Secondo il Report SVIMEZ “Un Paese, due cure. I divari Nord-Sud nel diritto alla salute”, dopo l’emergenza Covid-19 i divari territoriali sono ulteriormente aumentati in un contesto di una generalizzata debolezza del Sistema Sanitario Nazionale che, nel confronto europeo, risulta sottodimensionato per stanziamenti di risorse pubbliche (in media 6,6% del PIL contro il 9,4% di Germania e l’8,9% di Francia), a fronte di un contributo privato comparativamente elevato (24% della spesa sanitaria complessiva, quasi il doppio di Francia e Germania).

Dai dati regionalizzati di spesa sanitaria (di fonte Conti Pubblici territoriali) risultano livelli di spesa per abitante, corrente e per investimenti, mediamente più contenuti nelle regioni meridionali. A fronte di una media nazionale di 2.140 euro, la spesa corrente più bassa si registra in Calabria (1.748 euro), Campania (1.818 euro), Basilicata (1.941 euro) e Puglia (1.978 euro). Per la parte di spesa in conto capitale, i valori più bassi si ravvisano in Campania (18 euro), Lazio (24 euro) e Calabria (27 euro), mentre il dato nazionale si attesta su una media di 41 euro.

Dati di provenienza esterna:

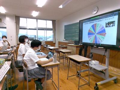 7月5日(火)に高大連携未来塾(水俣高校✕慶應義塾大学)のワークショップを実施しました。参加生徒は1・2年生16名です。今回は第1回オリエンテーションで、SDGsの概要を学び、大学生との交流を楽しみました!SDGsクイズでは、身の回りの物事がSDGsのどの項目に当てはまるか事前にスライドを作成し、ルーレットで当たった生徒が自分の考えを発表しました。これから大学生と一緒に「水俣市のSDGsマップ」を制作していきます!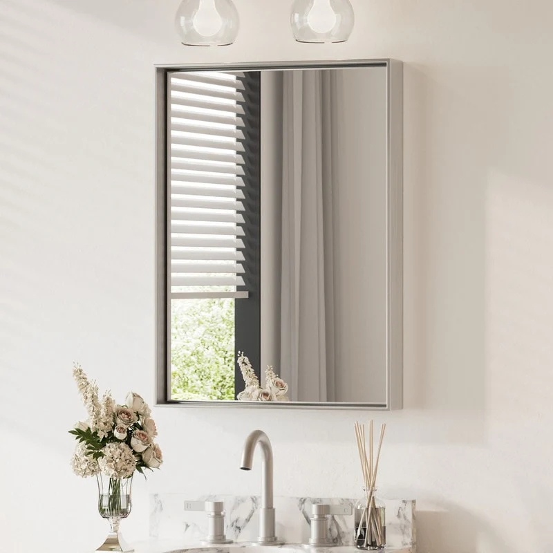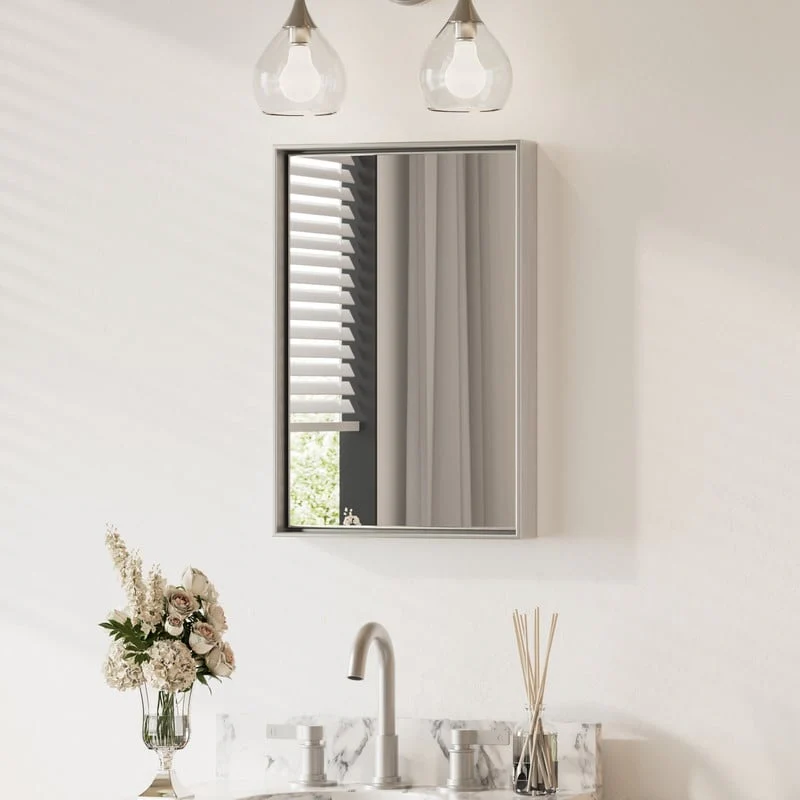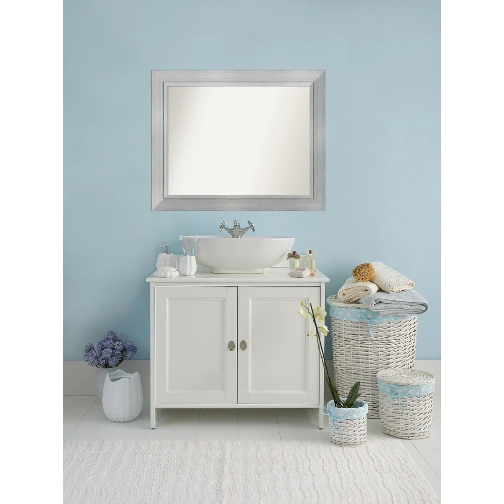 Modern Silver Rectangular Bathroom Vanity Wall Mirror - 26.8" W x 39.3" H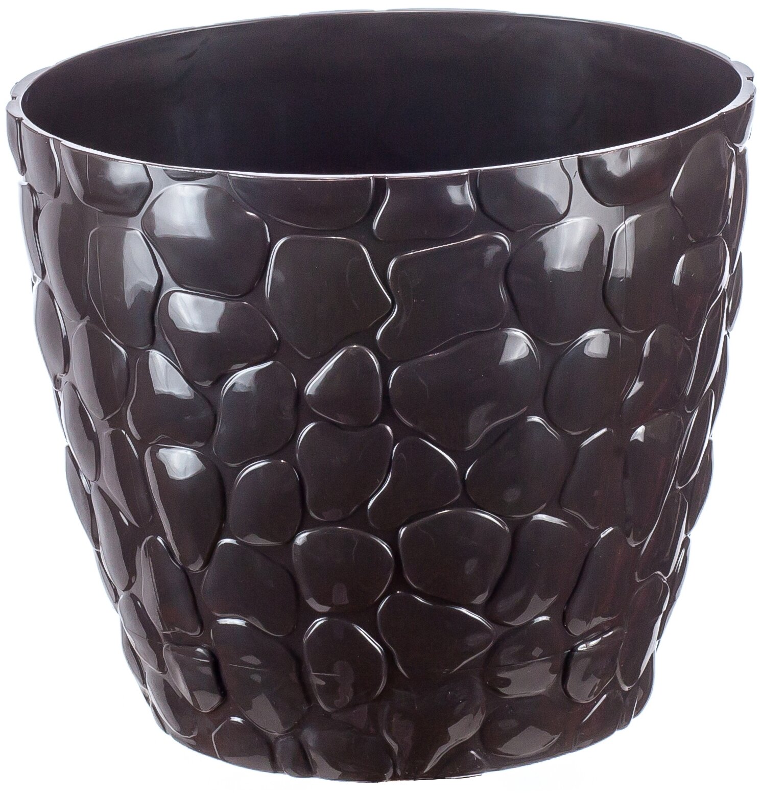 Кашпо IDEA Камни состоит из цветочного горшка с дренажными отверстиями и подставки, которая плотно крепится к основанию. Изделие из ударопрочного полипропилена имеет объемную текстуру с имитацией морской гальки.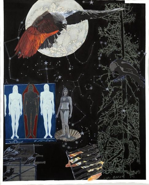 Editor: Here we have Joseph Cornell’s *Habitat Group for a Shooting Gallery,* from 1943, a mixed-media assemblage in a box. It has such a whimsical, yet melancholy feel to it. The antique bird images are really evocative. How do you interpret this work? Curator: For me, this piece reverberates with cultural memory and hidden narratives. The birds themselves, fragmented and numbered like specimens, evoke a sense of loss, a displaced paradise perhaps. Consider the 'shooting gallery' in the title – it implies a game, but also violence, a threat to these fragile creatures. Cornell was deeply affected by personal anxieties and global events, specifically war. Editor: That's interesting, I was focused on the colourful birds, not their fragility. The numbered tags...are those significant? Curator: Yes, the tags and printed ephemera layered within the box—hints of Parisian commerce and exotic locales—are like clues scattered across time. They represent the romantic allure of travel, but also the cold precision of categorization, of control. The collage background feels very distant and artificial. Do you notice the way he creates a world within a world? Editor: Absolutely, a stage set almost, for something bittersweet. So, it's a commentary on longing and maybe the precarity of beauty? Curator: Precisely. It makes me think about lost paradises or fleeting moments. Consider that even our fascination, our human impulse to possess or to categorize can actually harm what we admire. What’s your sense now, looking again? Editor: I see it! Before I saw a cute box, but now the layered textures make it seem deeper. More like a commentary on both human intervention and cultural displacement of nature itself. Cornell really loaded this box with meaning!

Il monitoraggio LEA (Livelli Essenziali di Assistenza), che offre un quadro delle differenze nell’efficacia e qualità delle prestazioni fornite dai diversi SSR, fa emergere i deludenti risultati del Sud: 5 regioni del Mezzogiorno risultano inadempienti.

Secondo gli  indicatori BES (Benessere Equo e Sostenibile) sulla salute, il Mezzogiorno è l’area del Paese caratterizzata dalle peggiori condizioni di salute. Si amplia nuovamente il divario territoriale Nord-Sud rispetto al 2022. Il differenziale geografico della vita attesa in buona salute nel 2023 è di circa 4 anni a svantaggio del Mezzogiorno (56,5 anni), rispetto al Nord (60,6). Dopo la riduzione del divario Nord-Sud ai livelli minimi del 2021 e 2022 (circa 2,5 anni), il differenziale ritorna a livelli pre-pandemia (era pari a 3,9 anni nel 2019).

Il rinvio dei Lea (Prestazioni essenziali di assistenza)

La Conferenza Stato Regioni ha dato l’ok alla proroga al primo gennaio 2025 per l’entrata in vigore del nuovo nomenclatore tariffario per specialistica ambulatoriale e protesica.

Le motivazioni sono due: le Regioni non hanno fondi sufficienti per attuare il nuovo decreto, che prevede l’ampliamento delle prestazioni essenziali. L’altra motivazione è che alcune Regioni hanno difficoltà nell’applicare il decreto, in particolare per quanto riguarda la definizione dei nuovi nomenclatori e la riorganizzazione dei sistemi informatici.

Di conseguenza delle 406 prestazioni nuove su 2.108, non potranno essere erogate dal SSN. Inoltre, la proroga impedirà l’accesso alle prestazioni come la procreazione medicalmente assistita, quelle per la diagnosi o il monitoraggio della celiachia, gli screening neonatali per alcune patologie, gli ausili informatici e di comunicazione per persone con gravissime disabilità, i presidi di varia natura e a tecnologia avanzata per le disabilità motorie.